Extracted data entries:
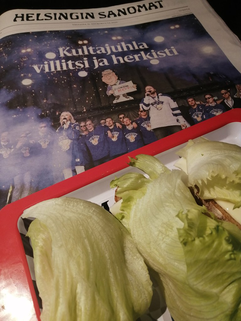 Och så har jag det som vi i Finland kallar ”himo” (lust, begär). Just nu är det stora högar av sallad och ett par skivor smältost på mackor utan smör. Ibland är det tonfisk och sallad, saltgurka och majonnäs 😂
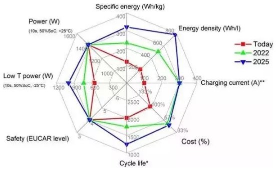 圖1 現有動力電池的技術指標以及未來10 年的發展目標
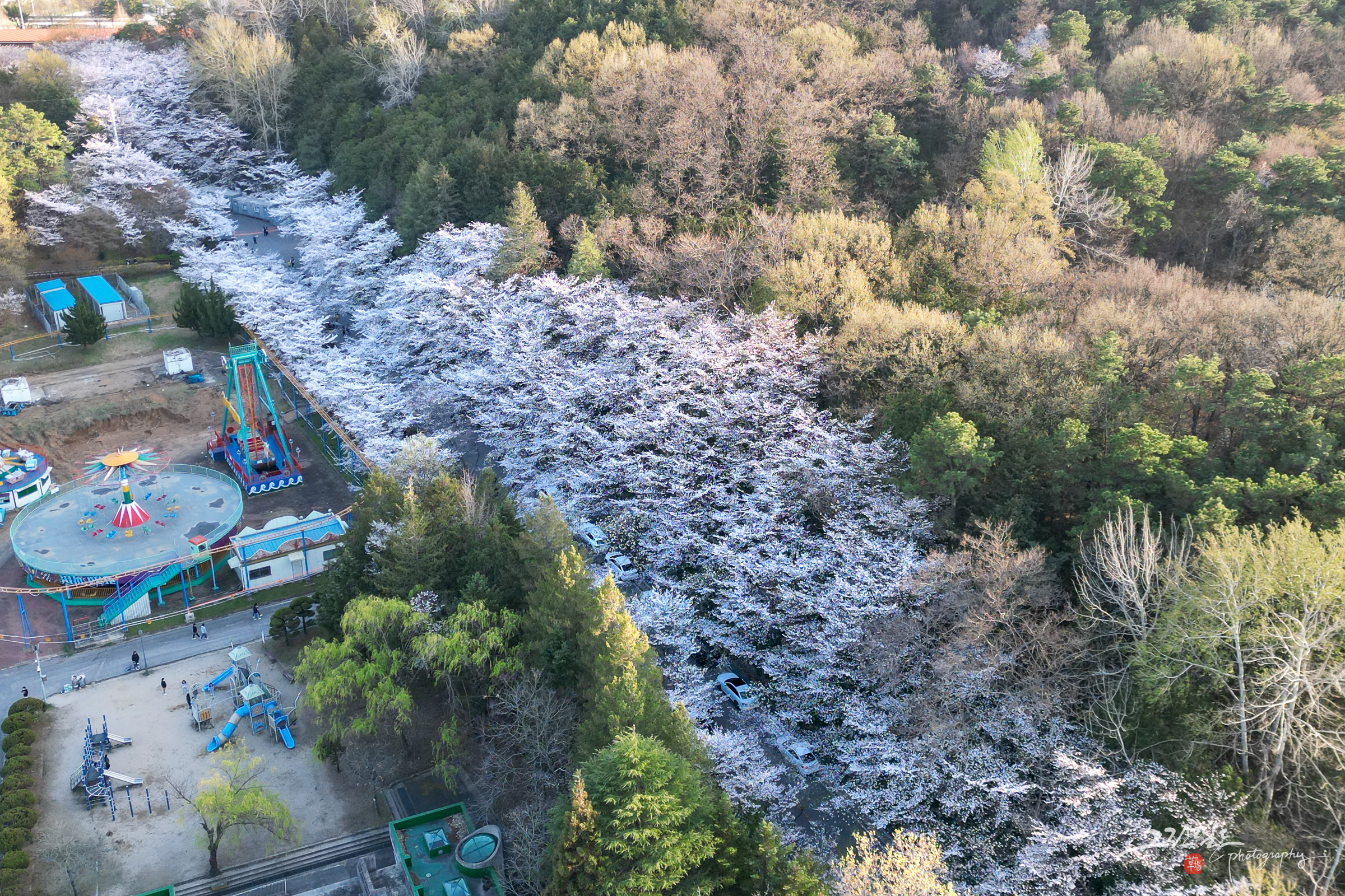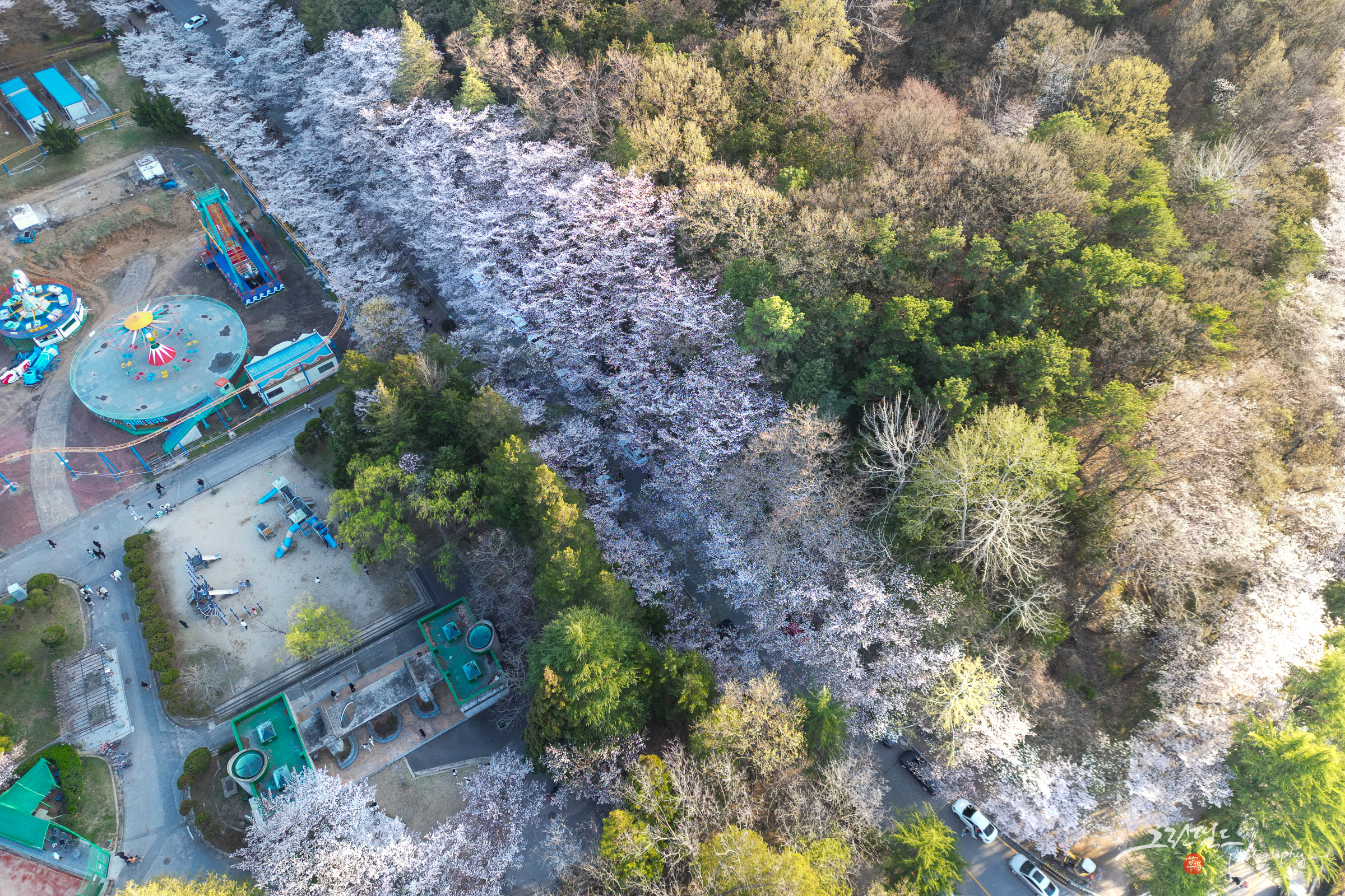 지난 주 내린 비가 그치니 광주 중외공원에 벚꽃이 활짝 피었습니다.
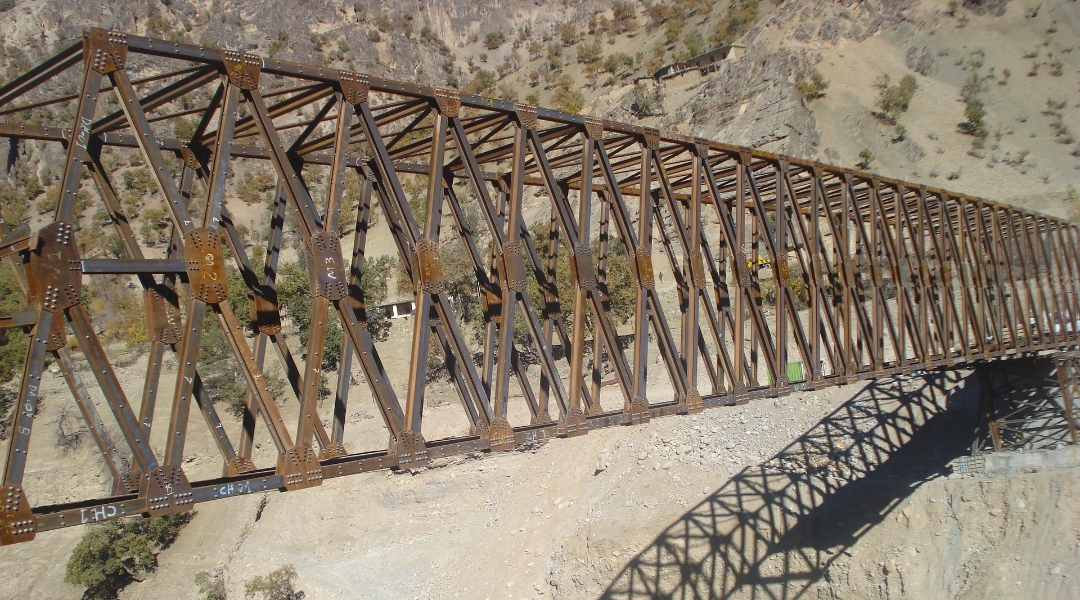 پل خرپایی دو طبقه چال فهره، با طول دهانه 81 متر، وزن 230 تن، عرض 5/5 متر و با
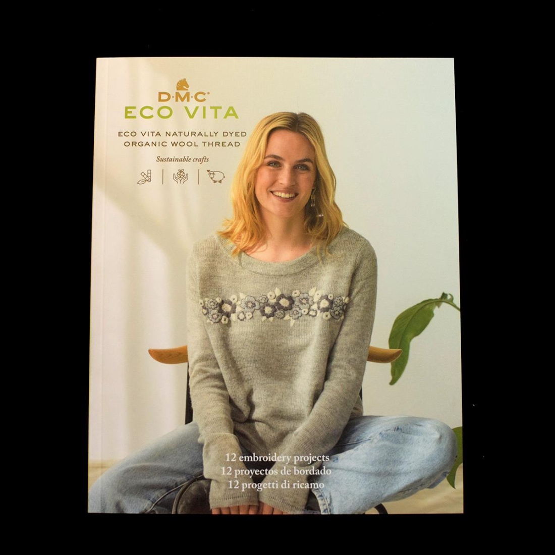 Magazine DMC Eco Vita gathers 12 embroidery projects designed to work with the threads Eco Vita, elaborated with organic wool and dyed naturally. Includes modern, sustainable and welcoming style ideas, perfect for personalizing garments, accessories or decoration elements.
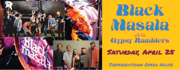 Live Music: Black Masala w/ Gypsy Ramblers — High-energy live music performance. Shepherdstown Opera House, 131 West German St, Shepherdstown. Saturday, April 25, 8 pm. $. Tickets & Info…
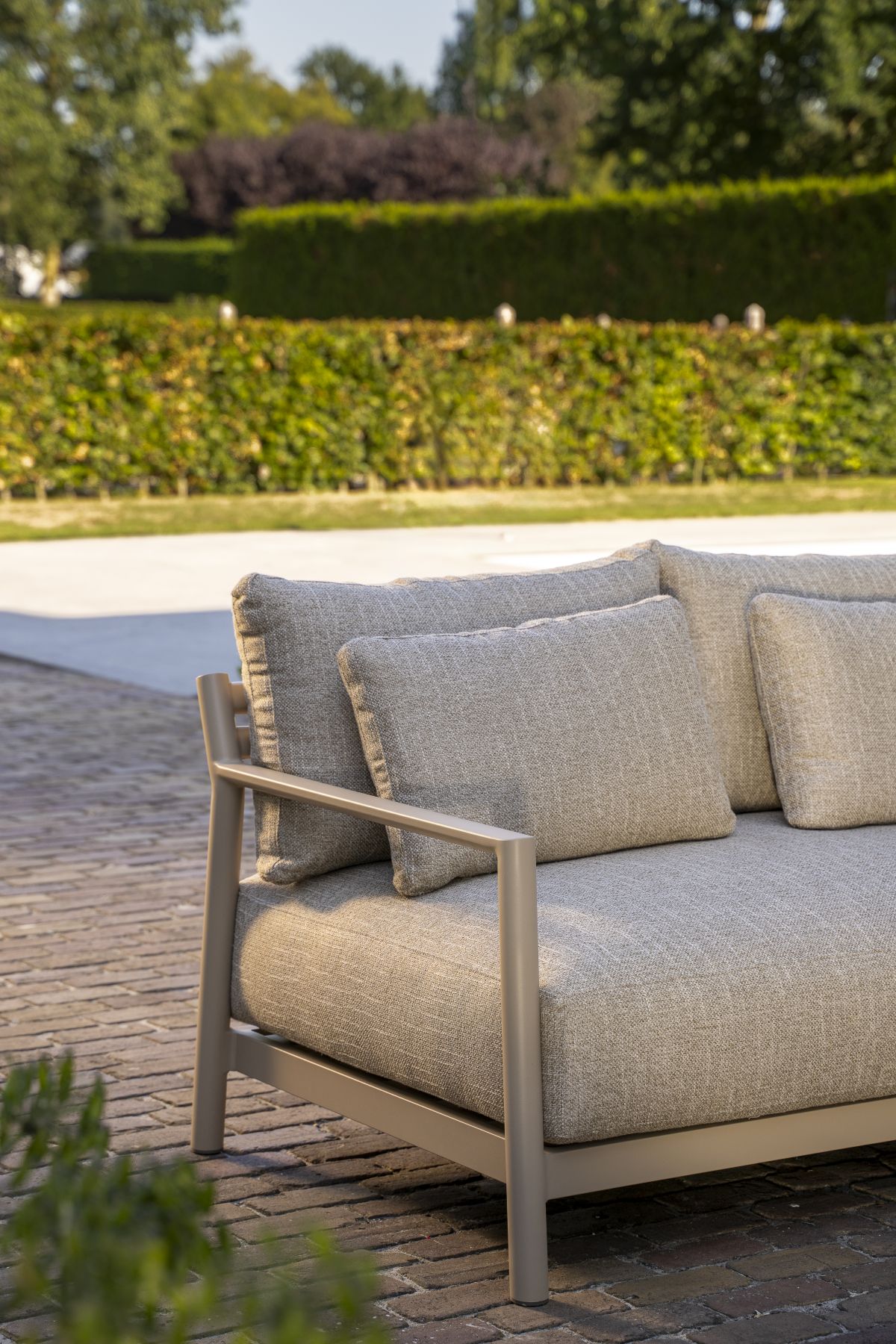 Stelaż wykonano z aluminium malowanego proszkowo w kolorze Latte. Charakterystyczna, listwowa budowa ramy (slatted aluminum) sprawia, że meble są lekkie wizualnie, a jednocześnie całkowicie odporne na korozję.
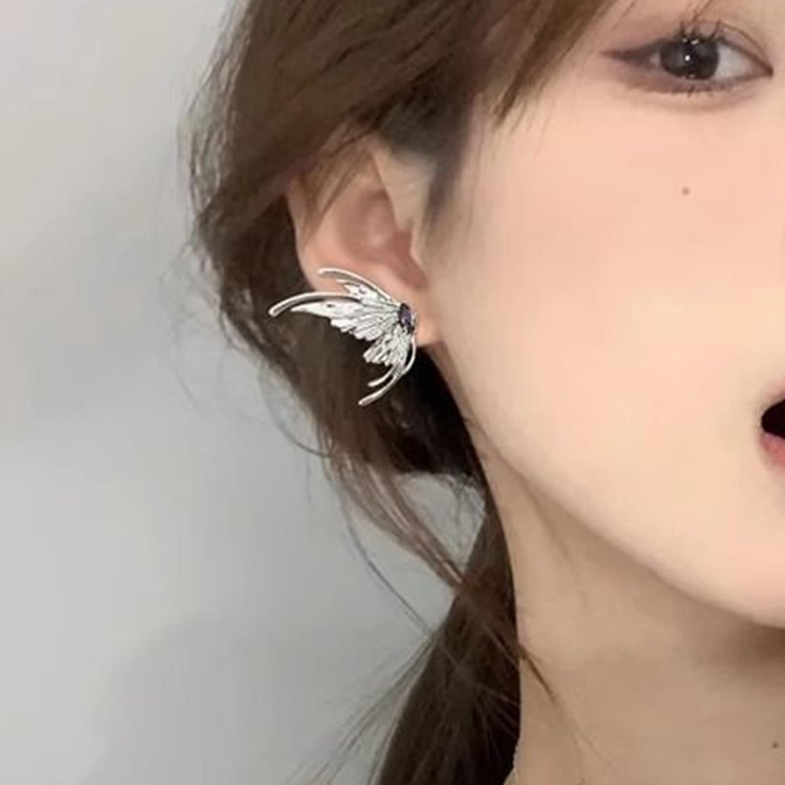 как выглядит Boho Crystal Butterfly Stud Earrings Silver Butterfly Wings Earrings Cute Butter фото

# What you are asked to do:
Skip every picture, and restate word for word only the lines above from the line containing "圖1 現有動力電池的技術指標以及未來10 年的發展目標" to the line containing "Live Music: Black", both of them included.

# Your solution:
 圖1 現有動力電池的技術指標以及未來10 年的發展目標
 지난 주 내린 비가 그치니 광주 중외공원에 벚꽃이 활짝 피었습니다.
 پل خرپایی دو طبقه چال فهره، با طول دهانه 81 متر، وزن 230 تن، عرض 5/5 متر و با
 Magazine DMC Eco Vita gathers 12 embroidery projects designed to work with the threads Eco Vita, elaborated with organic wool and dyed naturally. Includes modern, sustainable and welcoming style ideas, perfect for personalizing garments, accessories or decoration elements.
 Live Music: Black Masala w/ Gypsy Ramblers — High-energy live music performance. Shepherdstown Opera House, 131 West German St, Shepherdstown. Saturday, April 25, 8 pm. $. Tickets & Info…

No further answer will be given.